Critical to starting a business is having the appropriate finance in place, and money alone is the number one reason most as much as 90% – of business ventures fail during the early start-up period. While management failure does also play a part, it is money that makes any business worthwhile and gets it off the ground. At the same time, business franchising is a popular way of starting a business and becoming your own boss, and for a variety of reasons business franchising start-ups tend to be viewed more favourably by banks and investors. There are numerous key business reasons for this bias.
Firstly and most importantly of all, business franchising is a proven and tested business model. By virtue of being a business franchise, any opportunity of this nature requiring money has already been proven to work in another geographical area. Someone else has already demonstrated that the business model has the ability to work and generate revenues, and as such it has been franchised out to other business people. As such, banks tend to consider the business model less of a risk, allowing them to base their decisions on the faith they have in the individual in front of them rather than the specific intricacies of the business model.

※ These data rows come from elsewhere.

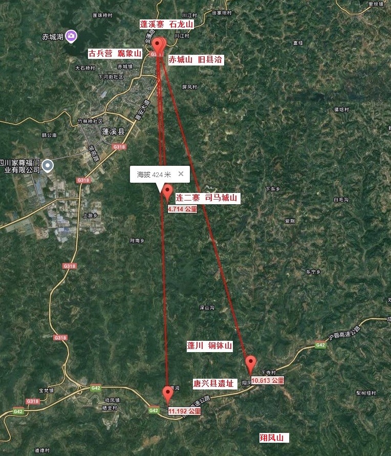 卫星地图显示唐兴县遗址和司马城山位置与旧史记载吻合
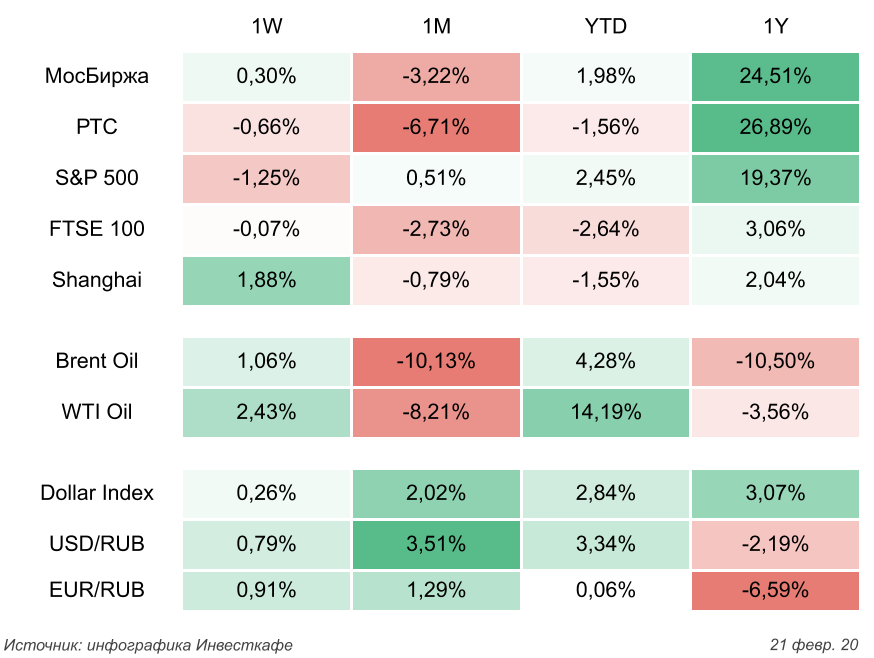 Рынок готов к погружению25.02.2020Сессия 21 февраля на отечественном рынке завершилась в минусе. Объем торгов был на 32% ниже среднего за 30 дней, он составил 47 794 млн руб. Лидерами роста стали Полюс (+3,75%), Polymetal (+3,74%) и ФСК ЕЭС (+2,73%). Список... |
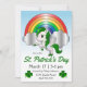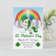 Festive holiday invitation for St. Patrick's Day or any Fantasy-Irish-themed birthday or event with a unicorn Pegasus with a green mane, tail, and hoofs and a shamrock on its hip. Sky background with a rainbow.
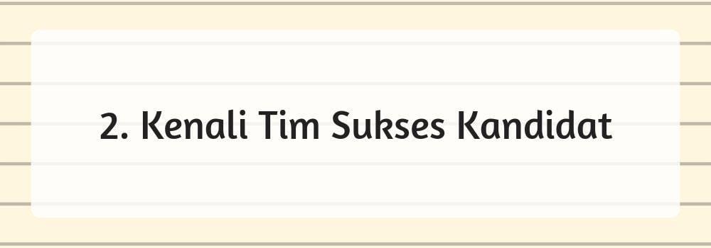 Selain kandidatnya, kenali pula latar belakang orang-orang di tim sukses serta bagaimana sepak terjangnya selama ini. Cek juga strategi seperti apa yang mereka pakai untuk dapat memenangkan kandidat. Bila kamu senang dengan tim suksesnya dan cara kerja yang mereka gunakan, itu bisa menjadi patokanmu dalam memilih presiden.
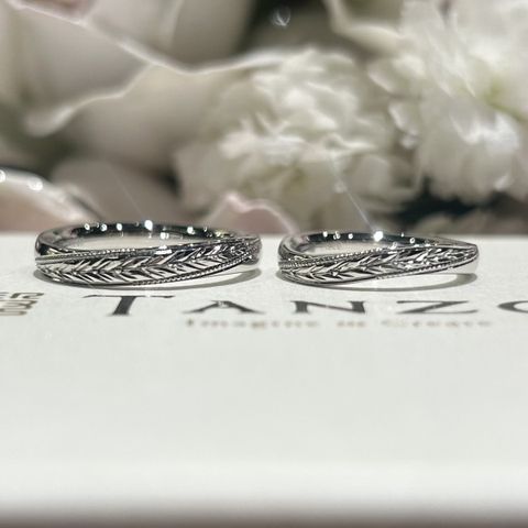 月桂樹の模様を2人とも入れ、男性用はつや消し、女性用はツヤありでダイヤモンドを入れました。お揃いの部分もあり、それぞれの好みも入った指輪が出来上がりました。シンプルだけど、他にはないオリジナルのものができたのでとてもよかったです。
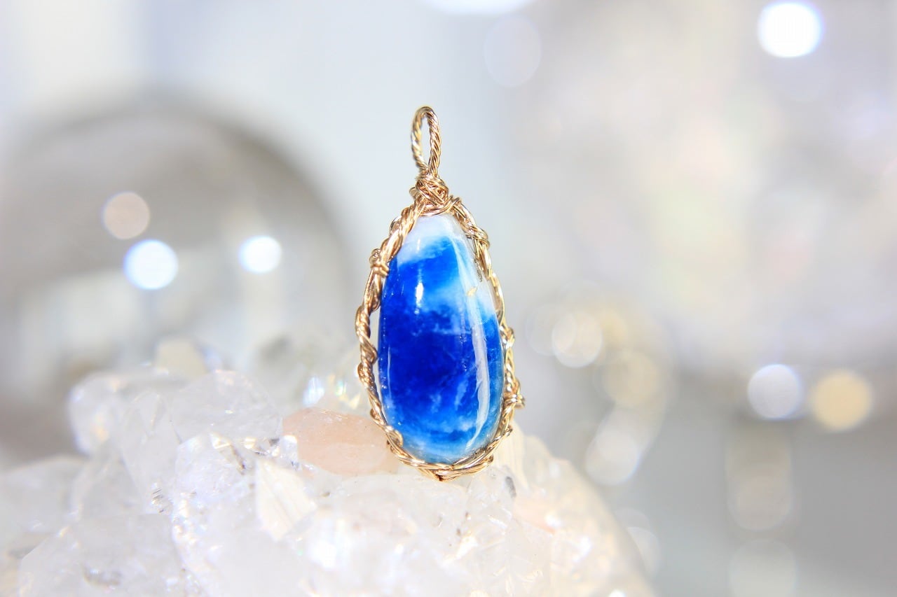 アフガナイトはラピスラズリの構成鉱物の一つであるソーダライトとともに産出されます。色は無色からブルーで、硫黄を多く含むほどに濃い青色に、逆に硫黄を含まない場合はカラーレスから白色になります。
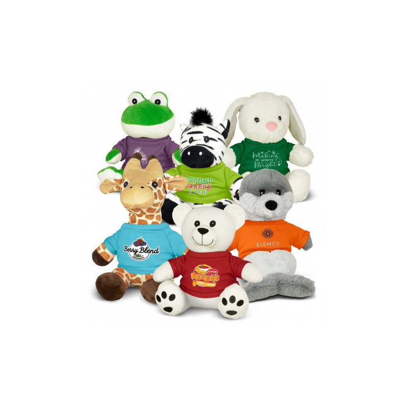 Soft giraffe plush toy with embroidered eyes and a polyester t-shirt which is available in eleven colours. Plush animals provide a cute and cuddly branding option and are great for brand recognition and spreading goodwill.
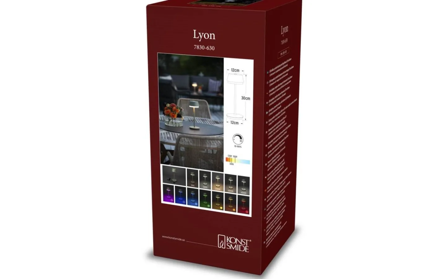 Lyon uppladdningsbar bordslampa är en enkel och stilren bordslampa från välkända Konstsmide. Bordslampans inbyggda LED-ljus kan du enkelt reglera mellan 10 till 120 lumen. Du kan även ställa färgtemperaturen mellan 2700K, 3000K och 4000K. Bordslampan har RGB funktion vilket innebär att du även kan ställa in den på färg.
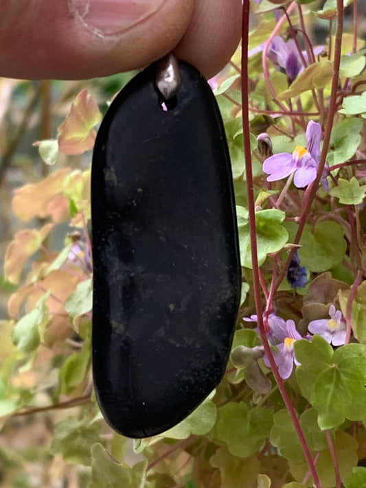 Shungite, pendentif taillé de 58 mm de hauteur x 20 de largeur x 10 d'épaisseur. Vendu avec son cordon réglable de couleur noire offert !
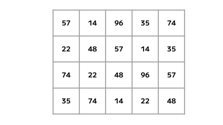 画像の表は横5マス、縦4マス。 そこに「14・22・35・48・57・74・96」という7種の数字が配置されています。
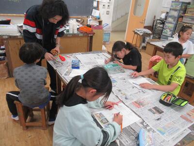 1年生 図工では「パクパックン」という紙工作をしていました。
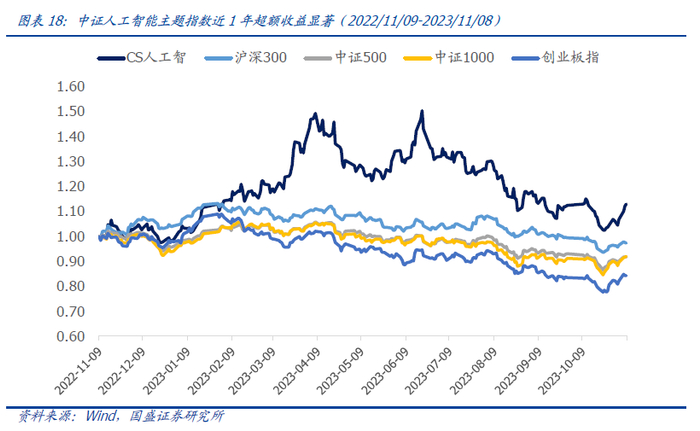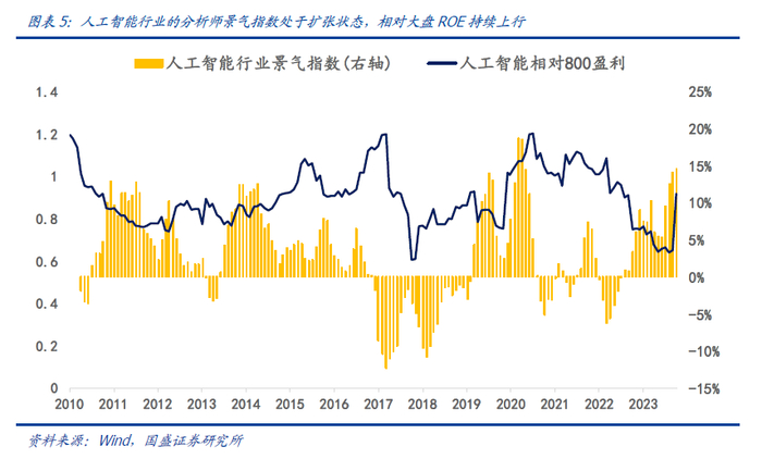 在之前发布的报告《分析师行业景气指数构建与应用》中,我们基于分析师的个股盈利预测数据,采用扩散指数的编制方法构建了分析师行业景气指数,指数在0轴以上的时候定义为扩张期,反之为收缩期。如下图所示,我们计算的人工智能景气指数从2022年8月底开始进入扩张区间,当前为15%,相对大盘ROE有望持续改善。
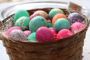 Di pîrozbahiyan de hêk tên boyaxkirin û nanê taybet tê belavkirin. Li gorî baweriya Xiristiyantiyê, hêkên boyaxkirî û nan sembola jiyaneke nû û bereketiyê ne. Wateya “El-Qiyame” jî serkeftina jiyanê ya li hemberî mirinê û serkeftina hêviyê ya li dijî êş û janê ye.
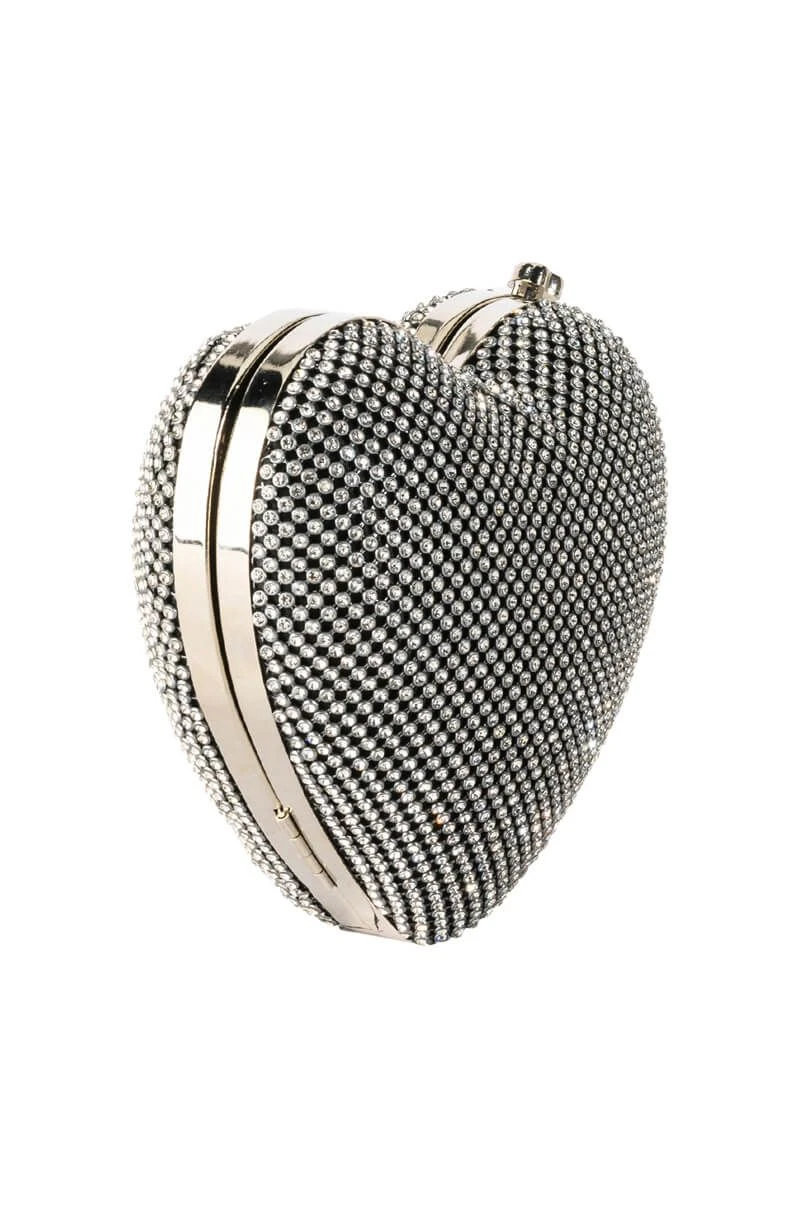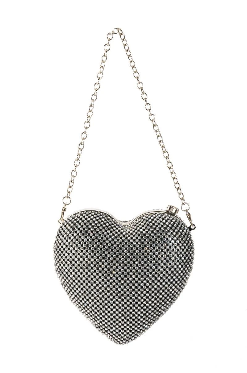The AKIRA Label Take A Chance On Me Rhinestone Purse is an ultra glam rhinestone embellished handbag shaped like a heart. Complete with a push-button lock closure, an inner pouch, and two individual lengths, removable chain straps with lobster claw closure detail.

Secondly business franchising is given more priority in funding because there is support available from the parties that have already made a success of the business. Because help is on hand and usually some form of training is provided, theres no trial and error with a franchise. The franchisees know exactly what to do and how to do when it comes to making a success of the business, which translates into a lower risk proposition and makes them instantly more creditworthy. The only consideration running through a bank managers mind is whether or not the business will be able to repay the loan they are offering, and with a business franchising opportunity and the support inherent in that, they find their answer more readily.
Another key reason business franchising received funding preference from banks and other lending institutions is that there is already a degree of goodwill associated with the franchise name. This means that the business franchising opportunity will benefit from the branding and marketing previously invested in by the franchisor, which will give the new business a lift when it opens. Simply because a business has a recognisable identity and has previous goodwill, it is less of a risk and less likely to struggle to find those all important initial paying customers and lenient suppliers.
Business franchising as a business model makes sense, and everybody on all sides of the table are kept happy. For the banks and money lenders, business franchising provides a much lower risk way of investing in businesses, and a much more guaranteed way of earning money on the finance offered. As such, banks are much more willing to invest in franchising opportunities than in other business ventures, making it far easier to raise the necessary capital to start up and survive the initial few years.